**Problem description**
Reproduce the listing below exactly, beginning with its first line and ending with the line that holds "博可斯笔记本散热器底座手提电"; pictures are not part of the copy.
** Opening Available data block **
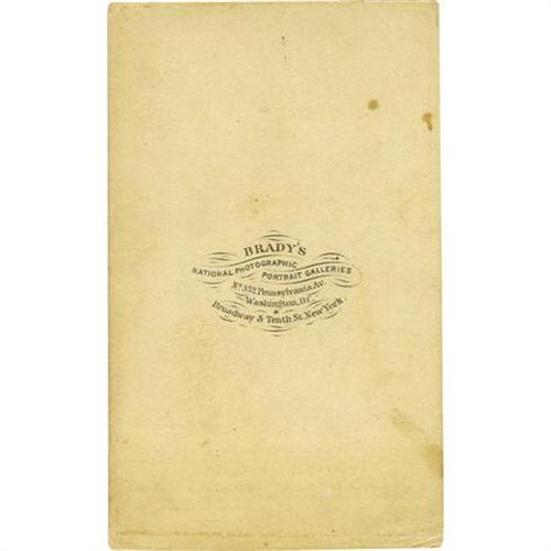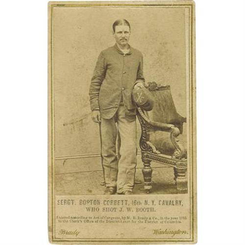 <B>Boston Corbett <I>Carte de Visite</B></I>.</B></I> A handsome Mathew Brady image of Boston Corbett. This true to life "mad hatter" shot and killed John Wilkes Booth. On April 26, 1865, Sergeant Boston Corbett of the 16th New York Cavalry raised his Colt revolver to shoot John Wilkes Booth. Lincoln's infamous assassin was cornered in a burning tobacco barn on the Virginia farm of Richard Garrett. Ignoring orders to take Booth alive, the over-zealous Corbett fatally wounded the fugitive with the justification that "God Almighty directed me." This photo shows Corbett standing near a chair, wearing his Union blues. The insignia and adornments are still visible on his hat. The crossed swords of the cavalry are in the center and the letter L surmounts them. Bears the Brady imprint on the recto and verso. Below the photograph it reads: "Sergt. Boston Corbett, 16th N.Y. Cavalry, Who Shot J.W. Booth." In fine condition; moderate soiling on the emulsion (appears that it could be cleaned); light overall toning on both sides; small stain near Corbett's feet; slightly bent corners; double lined gilt border; square corners.<BR><BR><b>Shipping:</b> Small Flat (<a target="_blank" href="http://www.heritageauctions.com/common/shipping.php">view shipping information</a>) <BR><BR><B>Important notice:</
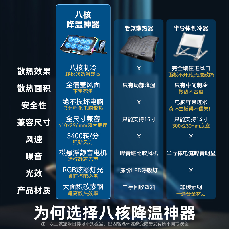 博可斯笔记本散热器底座手提电脑支架风扇风压式 游戏本降温散热板架静音适用于华硕拯救者外星人机械革命枪神
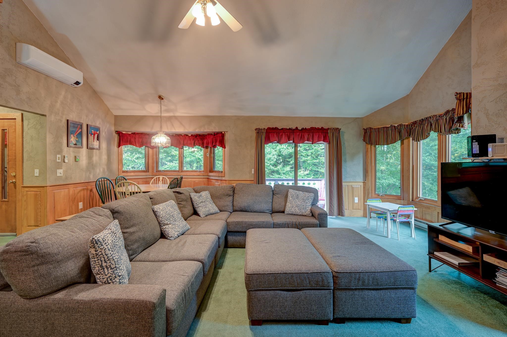 Spacious 2+ bedroom condo at Christmas Mountain, with a loft! This larger floor plan offers room for everyone, with two levels of living space. The main floor features a bright living room with cathedral ceilings and a cozy gas stove, a full kitchen, laundry, and a primary suite with walk-in closet and private bath. A second bedroom and full bath complete this level. Upstairs you'll find a versatile loft which is perfect for a playroom, office, or second living room, plus French doors that open to an additional bonus room. Mini-splits provide year-round comfort. Conveniently located in low-tax Bartlett, you'll be minutes from Story Land, Attitash, and just a short drive to North Conway Village. A great opportunity to make this condo your own mountain retreat! Showings begin 9/1 in the late afternoon.
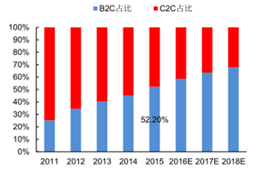 2015年國內電商行業規模達到3.8萬億,占社會零售消費品總額達到14%,其中B2C占比達到52.2%,首次超過C2C。強勢品牌過去不太愿意觸碰電商渠道的顧慮在于渠道運營規則復雜、假貨橫行難于管理、線上線下沖突毀損品牌價值,但隨著電商占比的提升,品牌已無法忽視電商渠道的重要地位。對比天貓旗艦店中的普通商家和第三方運營店鋪,可以發現通過第三方運營企業經營的店鋪單店平均銷售額是普通店鋪的2倍,因此牽手優秀的第三方品牌服務公司反而是更好的選擇。
** Closing Available data block **
**Written answer**
 <B>Boston Corbett <I>Carte de Visite</B></I>.</B></I> A handsome Mathew Brady image of Boston Corbett. This true to life "mad hatter" shot and killed John Wilkes Booth. On April 26, 1865, Sergeant Boston Corbett of the 16th New York Cavalry raised his Colt revolver to shoot John Wilkes Booth. Lincoln's infamous assassin was cornered in a burning tobacco barn on the Virginia farm of Richard Garrett. Ignoring orders to take Booth alive, the over-zealous Corbett fatally wounded the fugitive with the justification that "God Almighty directed me." This photo shows Corbett standing near a chair, wearing his Union blues. The insignia and adornments are still visible on his hat. The crossed swords of the cavalry are in the center and the letter L surmounts them. Bears the Brady imprint on the recto and verso. Below the photograph it reads: "Sergt. Boston Corbett, 16th N.Y. Cavalry, Who Shot J.W. Booth." In fine condition; moderate soiling on the emulsion (appears that it could be cleaned); light overall toning on both sides; small stain near Corbett's feet; slightly bent corners; double lined gilt border; square corners.<BR><BR><b>Shipping:</b> Small Flat (<a target="_blank" href="http://www.heritageauctions.com/common/shipping.php">view shipping information</a>) <BR><BR><B>Important notice:</
 博可斯笔记本散热器底座手提电脑支架风扇风压式 游戏本降温散热板架静音适用于华硕拯救者外星人机械革命枪神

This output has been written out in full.